● **WHAT THIS TASK INVOLVES**
Work through the listing below and give again exactly the lines from the one with "Miumiu钻石斜挎包 大气经典褶皱设计 包型大小适中" to the one with "Olho D'água atinge", both ends included. All other lines and all pictures stay out.

● **RECORDS FOR THE EXERCISE**
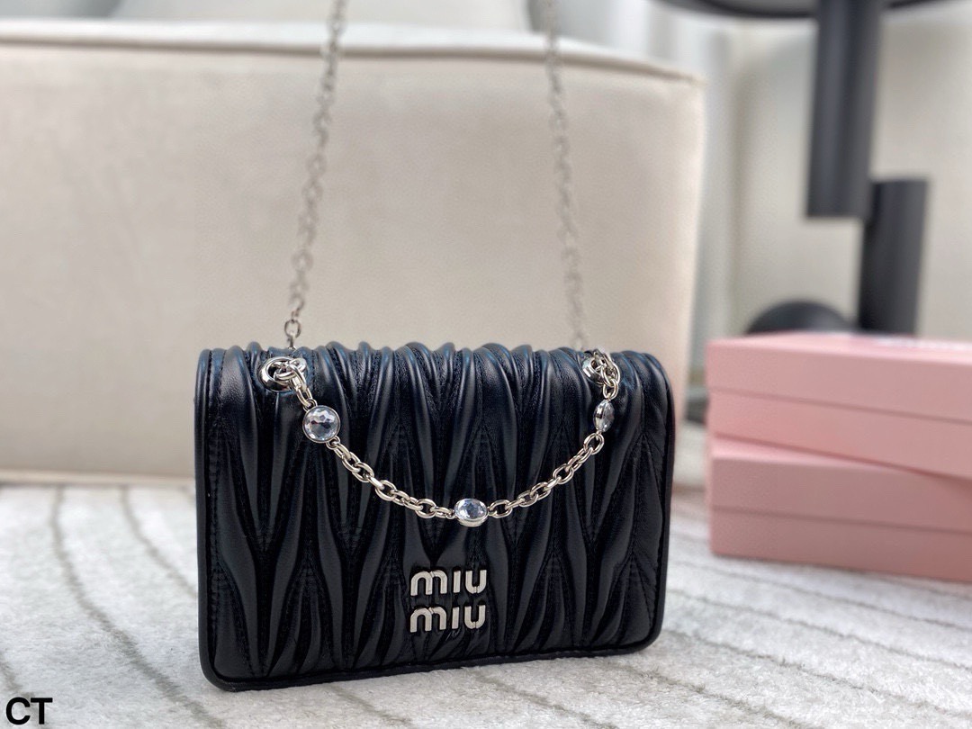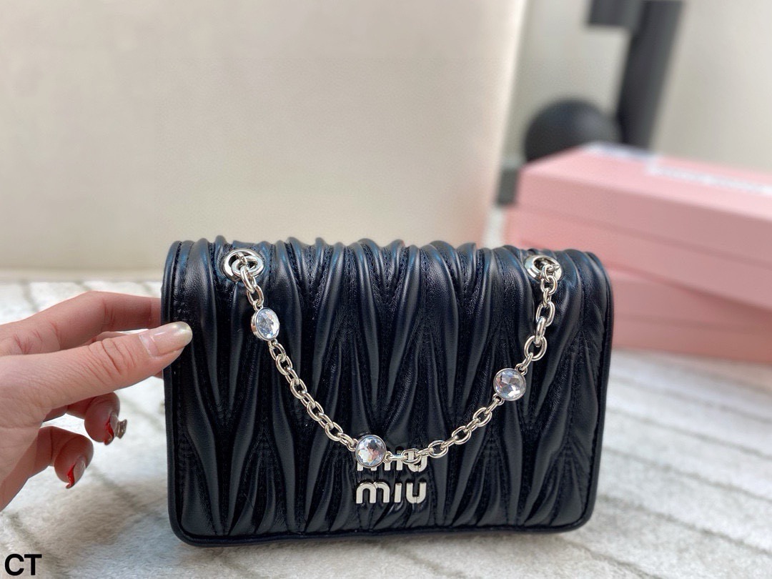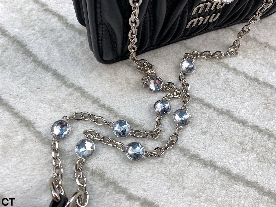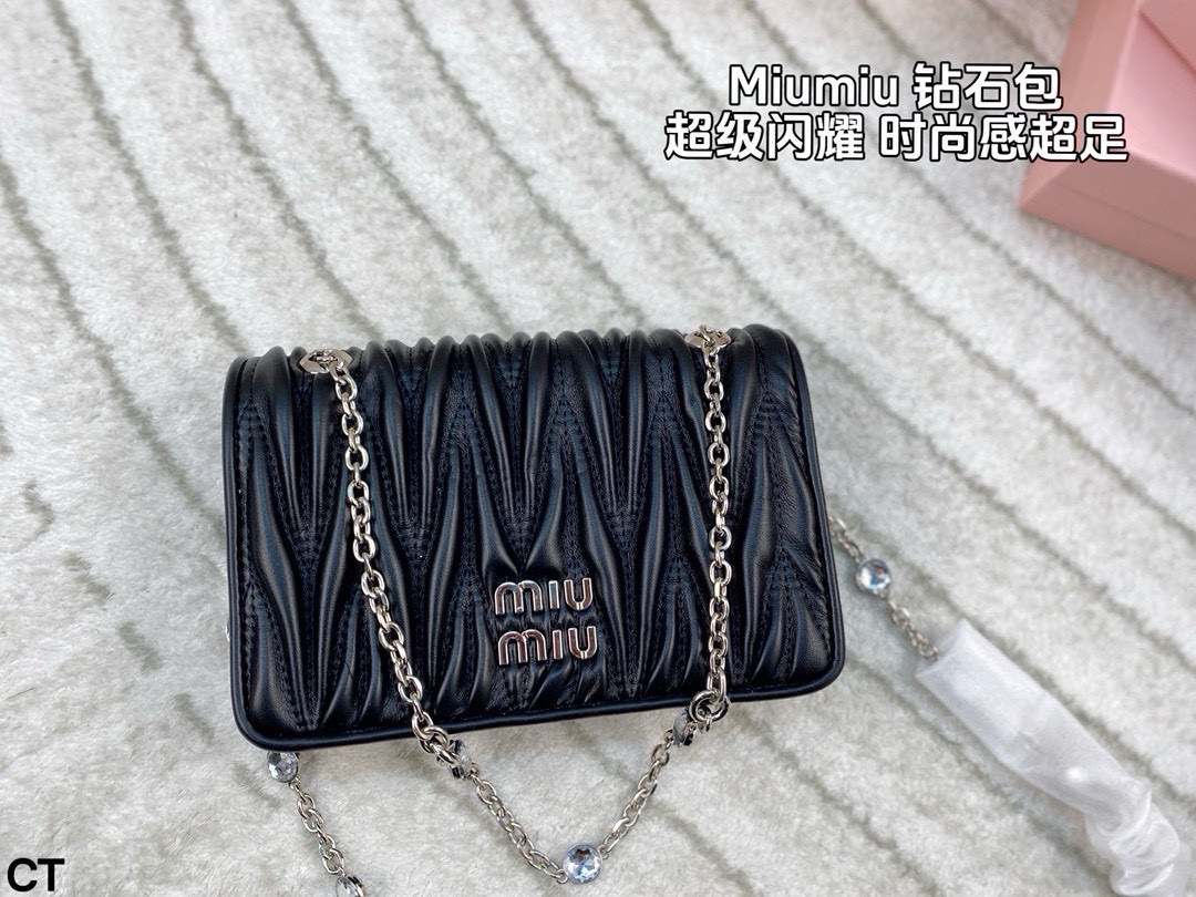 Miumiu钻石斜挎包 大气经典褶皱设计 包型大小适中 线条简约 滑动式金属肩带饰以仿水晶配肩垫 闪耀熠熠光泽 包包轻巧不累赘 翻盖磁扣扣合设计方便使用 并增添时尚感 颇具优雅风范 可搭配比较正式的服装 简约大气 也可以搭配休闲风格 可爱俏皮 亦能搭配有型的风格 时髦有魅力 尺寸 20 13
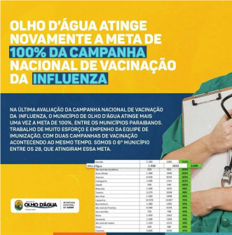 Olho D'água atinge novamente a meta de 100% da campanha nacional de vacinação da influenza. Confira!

---

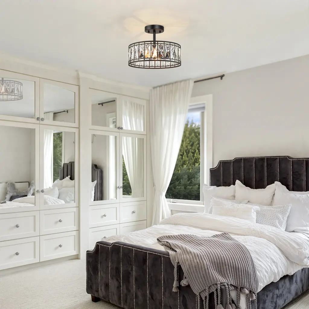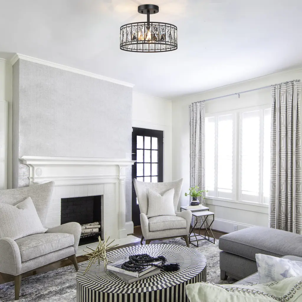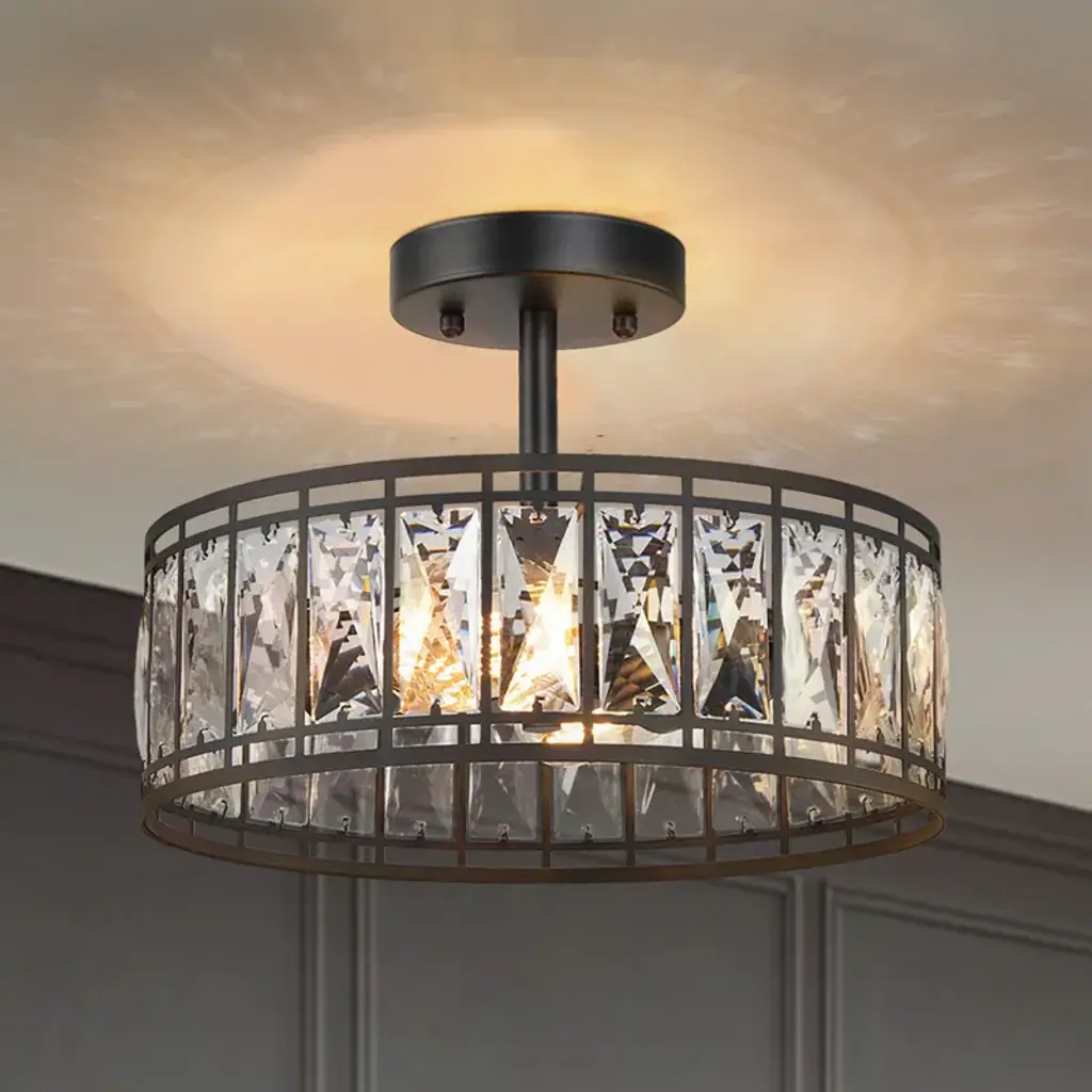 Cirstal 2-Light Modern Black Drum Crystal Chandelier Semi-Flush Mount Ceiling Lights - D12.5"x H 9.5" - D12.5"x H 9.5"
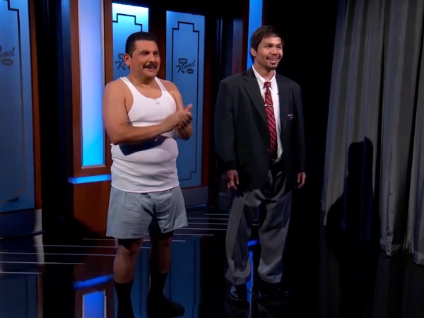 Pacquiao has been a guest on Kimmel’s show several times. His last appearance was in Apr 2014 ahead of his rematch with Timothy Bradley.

...

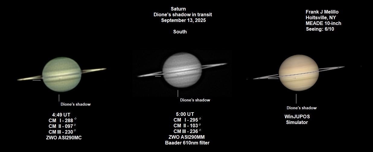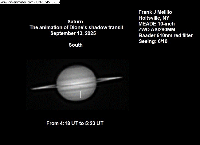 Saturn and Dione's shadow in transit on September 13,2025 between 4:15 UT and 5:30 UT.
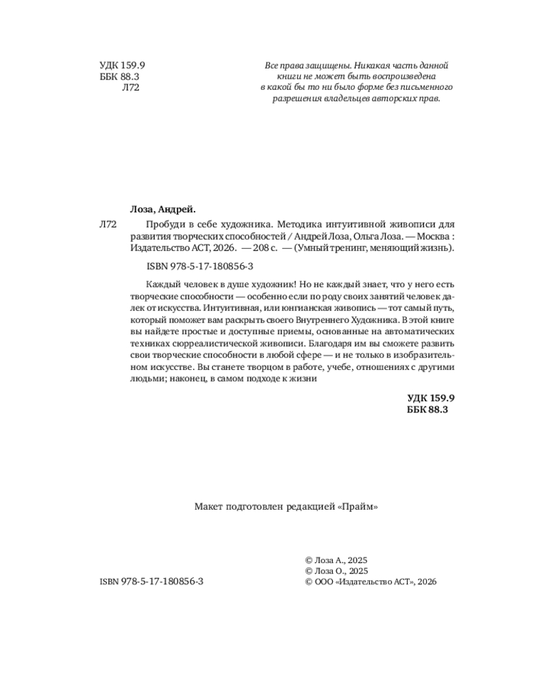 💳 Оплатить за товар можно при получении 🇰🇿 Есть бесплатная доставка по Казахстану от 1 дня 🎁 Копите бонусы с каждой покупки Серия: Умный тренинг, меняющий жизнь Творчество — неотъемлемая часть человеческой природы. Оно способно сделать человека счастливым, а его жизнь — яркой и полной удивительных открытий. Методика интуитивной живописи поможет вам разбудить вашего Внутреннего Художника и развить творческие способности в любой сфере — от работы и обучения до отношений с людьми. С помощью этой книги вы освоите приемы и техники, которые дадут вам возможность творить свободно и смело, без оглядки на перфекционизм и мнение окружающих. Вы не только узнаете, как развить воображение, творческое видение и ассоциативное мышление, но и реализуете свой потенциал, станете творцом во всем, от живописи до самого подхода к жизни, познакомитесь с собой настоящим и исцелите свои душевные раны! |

● **EXERCISE OUTPUT**
 Miumiu钻石斜挎包 大气经典褶皱设计 包型大小适中 线条简约 滑动式金属肩带饰以仿水晶配肩垫 闪耀熠熠光泽 包包轻巧不累赘 翻盖磁扣扣合设计方便使用 并增添时尚感 颇具优雅风范 可搭配比较正式的服装 简约大气 也可以搭配休闲风格 可爱俏皮 亦能搭配有型的风格 时髦有魅力 尺寸 20 13
 Olho D'água atinge novamente a meta de 100% da campanha nacional de vacinação da influenza. Confira!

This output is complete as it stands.